Chu, Winston T; Reza, Syed M S; Anibal, James T; Landa, Adam; Crozier, Ian; Bagci, Ulas; Wood, Bradford J; Solomon, Jeffrey.
Afiliación
  • Chu WT; Center for Infectious Disease Imaging, Radiology and Imaging Sciences, Clinical Center, National Institutes of Health, Bethesda, Maryland, USA.
  • Reza SMS; Integrated Research Facility at Fort Detrick, Division of Clinical Research, National Institute of Allergy and Infectious Diseases, National Institutes of Health, Frederick, Maryland, USA.
  • Anibal JT; Center for Infectious Disease Imaging, Radiology and Imaging Sciences, Clinical Center, National Institutes of Health, Bethesda, Maryland, USA.

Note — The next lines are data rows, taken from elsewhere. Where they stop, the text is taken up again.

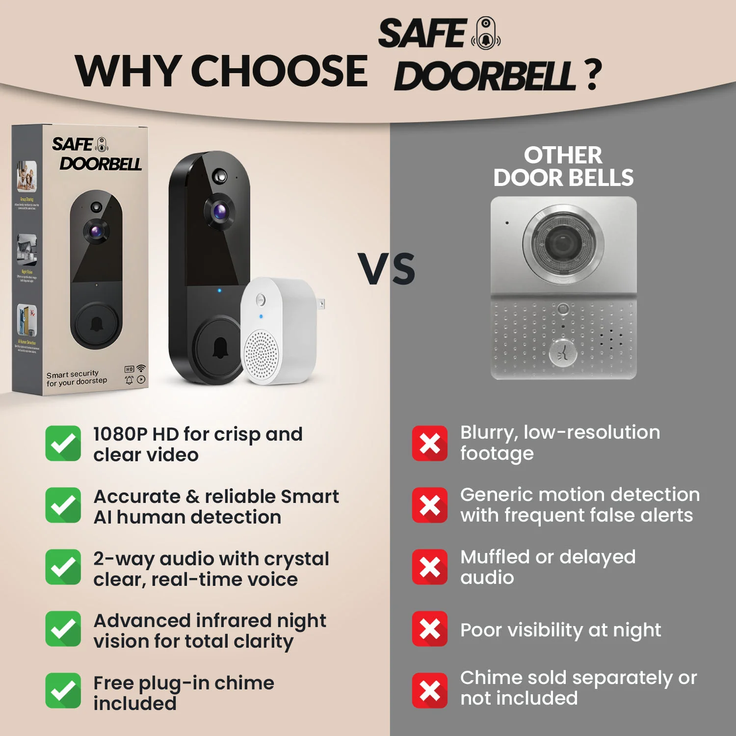 With SafeDoorbell, you’ll never miss an important visitor or package again! Our smart Wi-Fi doorbell gives you instant video access and two-way talk, so you can answer the door even when you're miles away.
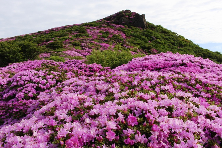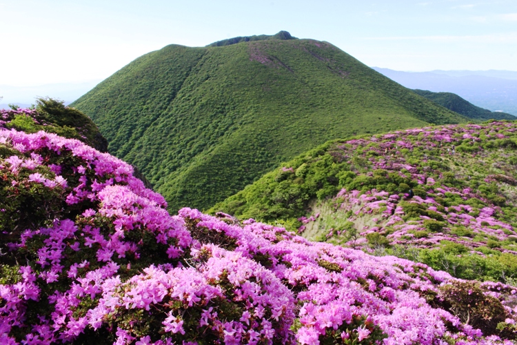 〈満開のミヤマキリシマ越しに九重連山を一望する〉 |
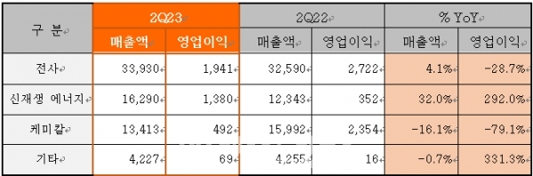 한화솔루션이 27일 공개한 ‘2023년 2분기 전사 및 부문별 실적’에 따르면 매출은 지난해 같은 기간 보다 4.1% 늘어난 반면 영업이익은 28.7% 감소했다.
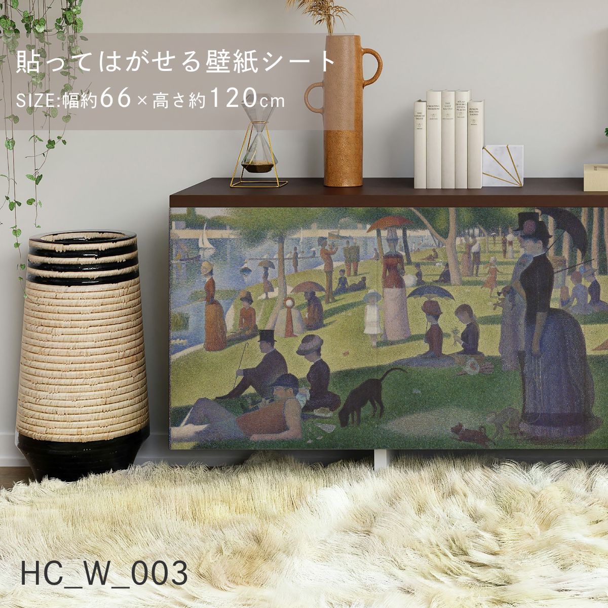 貼ってはがせる壁紙シート アートシリーズ 西洋の巨匠たち 世界の名画 HC_W_003 スーラ グランド・ジャット島の日曜日の午後 シールタイプ 幅約120cm×高さ約66cm 1枚入り アサヒペン
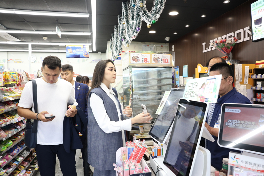 行走一小时后,Aktoty Nurkeshova一行口渴,随即进入一家罗森便利店。小店丰富的饮料品种让他们惊叹,使用Alipay扫码支付也很便捷。经过筛选比对,他们多数人更喜欢鲜榨果汁饮品。
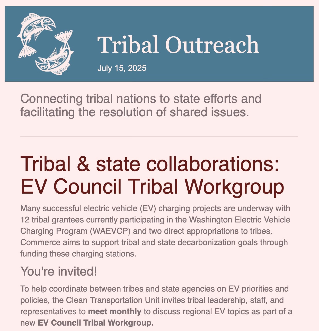 Commerce highlights tribal participation in EV charging grants and convenes a monthly Tribal Workgroup to redesign future funding—covering eligibility, timelines, and grant sizes.
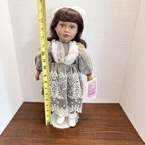Collectible Memories Genuine Porcelain Doll Oprah African American 17" Girl Lace
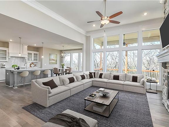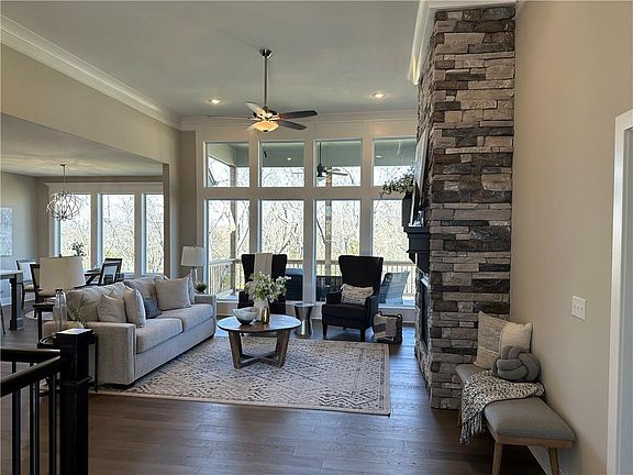 Welcome to luxurious living in Prairie Farms, showcasing the stunning Dakota floor plan crafted by Prieb Homes. This well-thought-out residence offers an exceptional blend of style, functionality, and privacy. This property backs up to serene green space, providing not only a picturesque backdrop but also ensuring privacy and tranquility. Boasting 4 bedrooms and 3 bathrooms, this home provides an abundance of space for comfortable living and entertaining. The mudroom offers a boot room plus storage with doors to close off those sports, work and book bags. Kitchen is a dream with extra cabinet space, walk in pantry with frosted glass doors, primary bedroom has free standing tub, raised vanities and more. Enjoy the convenience of a spacious 3-car garage, providing ample storage and parking options. Step into the lower level featuring a walkout basement with a generously-sized rec room and nice sized wet bar. Walls of windows and garage storage area perfect for entertaining. This home has seamlessly connecting indoor and outdoor living spaces that backs to Olathe Lake area. Experience an infusion of natural light throughout the home, courtesy of the expansive windows that showcase the beauty of the surroundings. Bar located at bottom of stairs is perfect for multi generation living or an extra space for entertaining. Be greeted by an open-concept entrance that sets the tone for the home's modern and inviting atmosphere. Revel in the grandeur of high ceilings that add to the sense of space and sophistication. Photos are of actual home.

  • Landa A; Center for Interventional Oncology, Clinical Center, National Institutes of Health, Bethesda, Maryland, USA.
  • Crozier I; Center for Interventional Oncology, Clinical Center, National Institutes of Health, Bethesda, Maryland, USA.
  • Bagci U; Clinical Monitoring Research Program Directorate, Frederick National Laboratory for Cancer Research sponsored by the National Cancer Institute, Frederick, Maryland, USA.
  • Wood BJ; Department of Radiology, Feinberg School of Medicine, Northwestern University, Chicago, Illinois, USA.
  • Solomon J; Center for Interventional Oncology, Clinical Center, National Institutes of Health, Bethesda, Maryland, USA.
J Infect Dis ; 228(Suppl 4): S322-S336, 2023 10 03.
Article en En | MEDLINE | ID: mdl-37788501
The mass production of the graphics processing unit and the coronavirus disease 2019 (COVID-19) pandemic have provided the means and the motivation, respectively, for rapid developments in artificial intelligence (AI) and medical imaging techniques. This has led to new opportunities to improve patient care but also new challenges that must be overcome before these techniques are put into practice. In particular, early AI models reported high performances but failed to perform as well on new data. However, these mistakes motivated further innovation focused on developing models that were not only accurate but also stable and generalizable to new data. The recent developments in AI in response to the COVID-19 pandemic will reap future dividends by facilitating, expediting, and informing other medical AI applications and educating the broad academic audience on the topic. Furthermore, AI research on imaging animal models of infectious diseases offers a unique problem space that can fill in evidence gaps that exist in clinical infectious disease research. Here, we aim to provide a focused assessment of the AI techniques leveraged in the infectious disease imaging research space, highlight the unique challenges, and discuss burgeoning solutions.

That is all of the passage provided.